Федор Михайлович Достоевский (1821-1881) - выдающийся русский писатель, религиозный философ и политический мыслитель - родился в семье военного врача, жившего в Москве. Благоприятная обстановка благочестивого семейства с раннего детства способствовала развитию религиозных представлений о человеческом бытии, русской истории Позднее, в годы обучения в Военно-инженерном училище в Петербурге, под влиянием своих друзей и романтической поэзии Шиллера, идей Руссо, встал на путь религиозных исканий, выражая внутренний, духовный протест против несовершенства социально-политической жизни России середины XIX в. Окончив в 1843 г. офицерские классы Военно-инженерного училища, Ф. М. Достоевский был направлен в Военно-инженерное ведомство. Прослужив там недолгое время, ушел в отставку. В 1845 г. вышла в свет его повесть "Бедные люди", принесшая ему известность.
40-е годы стали важным этапом в его творчестве. Он испытывал серьезное влияние французского утопического социализма, особенно учения Фурье. Социализм, духовно воспринятый им через христианскую веру в нравственные добродетели человеческой природы, становится главным смыслом и направлением в его жизни. Находясь под влиянием В. Г Белинского и радикально настроенного кружка петрашевцев, Достоевский, "уже в 1846 году, - как позже он писал в своем "Дневнике", - был посвящен во всю правду грядущего и обновленного мира, во всю святость будущего коммунистического общества и страстно принял все это учение" (Достоевский Ф. М. Полн. собр. соч.: В 30 т. М., 1972-1984. Т. 14. С. 74).
Идеи социализма в духовном искании писателя отражали "решительное отвержение учения о радикальном зле человеческой природы, укрепляли веру в "совершенство души человеческой”. Но уже в то время, в период мучительных исканий Ф. М. Достоевским гуманистических духовных оснований в решении нравственных проблем, в нем выражалась и вера в разрешение проблем социально-политического бытия путем просветительства, перестройки форм общественной жизни в зависимости от совершенства сознательной деятельности человека.

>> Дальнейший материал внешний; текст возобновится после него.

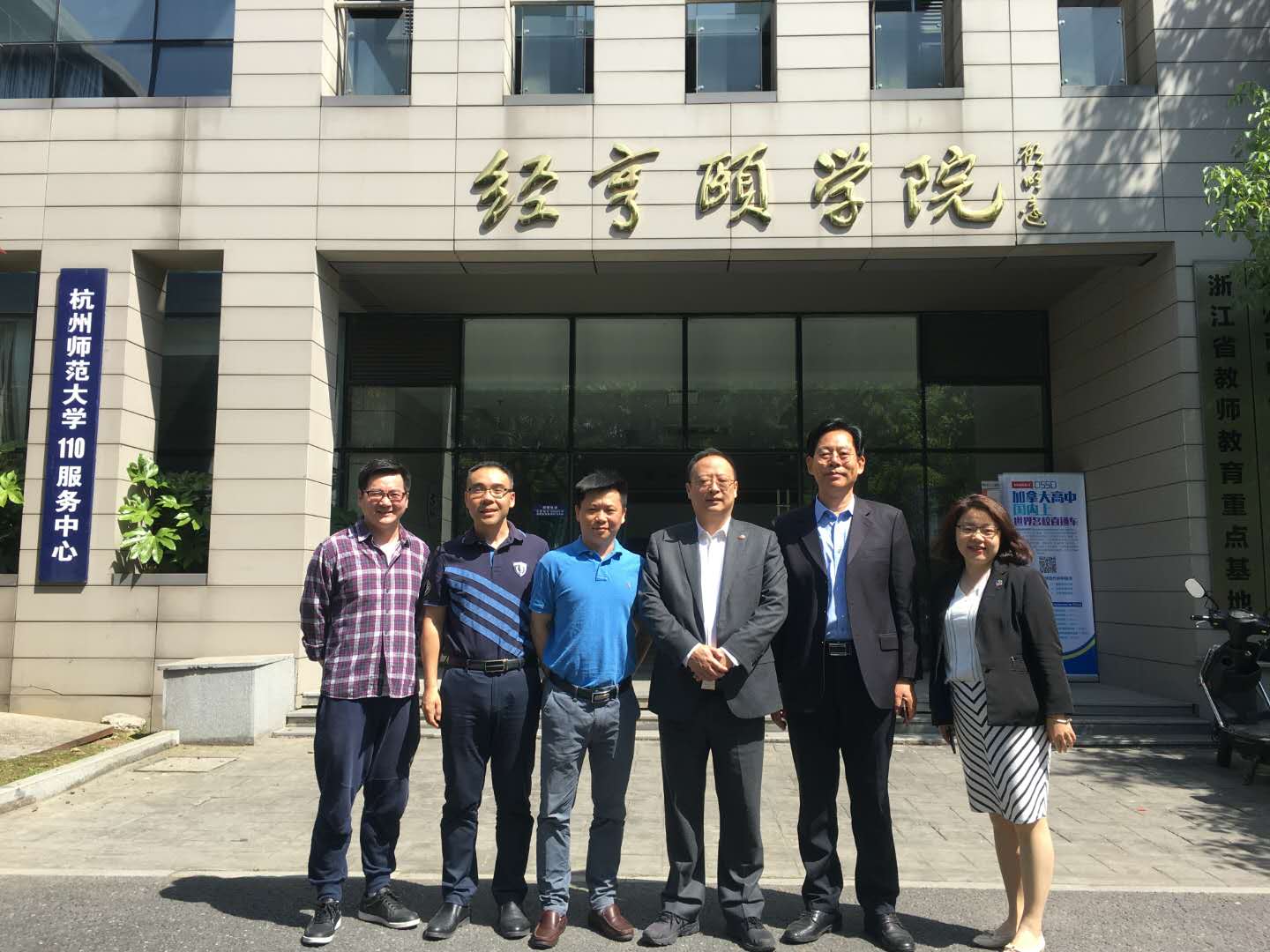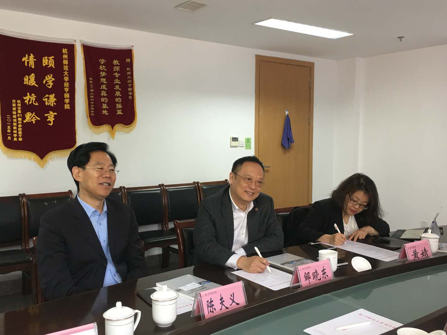 5月4日上午,中旭天下教育集团总裁邹晓东、专家委员会主任陈夫义一行应邀赴我院考察合作办学事宜,杭师大校友总会秘书处处长蔡云飞、学院副院长蒋永贵、副书记沈嫣接待并洽谈。

Для обоснования общественно-политического идеала выдвигались антропологические аргументы фурьеристской теории страстей, наводившей на мысль изучения инстинктов и внутреннего мира человека, управляемого божественным разумом. Философско- политическая концепция Достоевского была выражена в категориях "общего блага", "естественного права", "природы человеческих, общественных отношений" и т. п. Она обличала бюрократизм, социально-политическое невежество, крепостничество. Ранний социализм Достоевского стал важным фактором в духовном искании человеческой свободы, центральной идеей его творческого исследования внутреннего бытия человека, в его отношении к социально- политическому бытию.

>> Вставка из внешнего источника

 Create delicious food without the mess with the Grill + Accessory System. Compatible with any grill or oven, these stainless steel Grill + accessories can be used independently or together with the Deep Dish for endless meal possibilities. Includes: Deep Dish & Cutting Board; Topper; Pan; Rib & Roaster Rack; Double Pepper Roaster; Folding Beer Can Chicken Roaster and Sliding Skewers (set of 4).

Достоевскому, находившемуся в сибирской ссылке после ареста в 1849 г., по делу петрашевцев, преставилась возможность войти в это своеобразное подполье человеческого сознания преступного мира, которое нельзя было объяснить, исходя из модной тогда шопенгауэровской концепции иррациональной слепой воли, управляемой миром и человеческой жизнью, изнутри раздираемой эгоизмом души человеческой, в непрерывной "войне всех против всех”. И все же Достоевский находит свой способ объяснения разлада социально-политического бытия человечества.
В 50-е гг. его убеждения претерпевают изменения. Пути к человеческому счастью и свободе, по его мнению, следует искать не во внешних преобразованиях общества, а во внутреннем самосовершенствовании личности. Эти мысли он развивает в своем творчестве в 60-70-е гг., после возвращения в Петербург (1859). За длительный период идейно-политической изоляции Достоевский не утратил интереса к тайнам человека, социально-политического бытия, диалектике идеи о живой жизни.
60-70-е гг. были самыми плодотворными в творчестве великого писателя. После реформы 1861 г. Россия встала на путь развития буржуазных отношений при сохранении порядков старого политического строя с многочисленными пережитками крепостничества. Как и Европа, Россия вступала в эпоху, когда человечество, по определению Достоевского, переросло исторические рамки старой цивилизации, "закрывшей путь к богатству и культуре для девяти десятых человечества". Это было время становления буржуазно-либеральной идеологии, неприемлемой для Достоевского, принесения личности в жертву капитала, денег и уничтожения всякой свободы людей.
В "Зимних заметках о летних впечатлениях" (1863) он пишет: "Провозгласили... liberte, еqаlitе, fraternite. Очень хорошо-с. Что такое liberte? Свобода. Какая свободa? Одинаковая свобода всем делать все что угодно, в пределах закона. Когда можнo делать все что угодно? Когда имеешь миллион. Дает ли свобода каждому по миллиону? Нет. Что такое человек без миллиона? Человек без миллиона есть не тот, который делает все, что угодно, а тот, с которым делают что угодно” (Там же. Т. 5. С.78).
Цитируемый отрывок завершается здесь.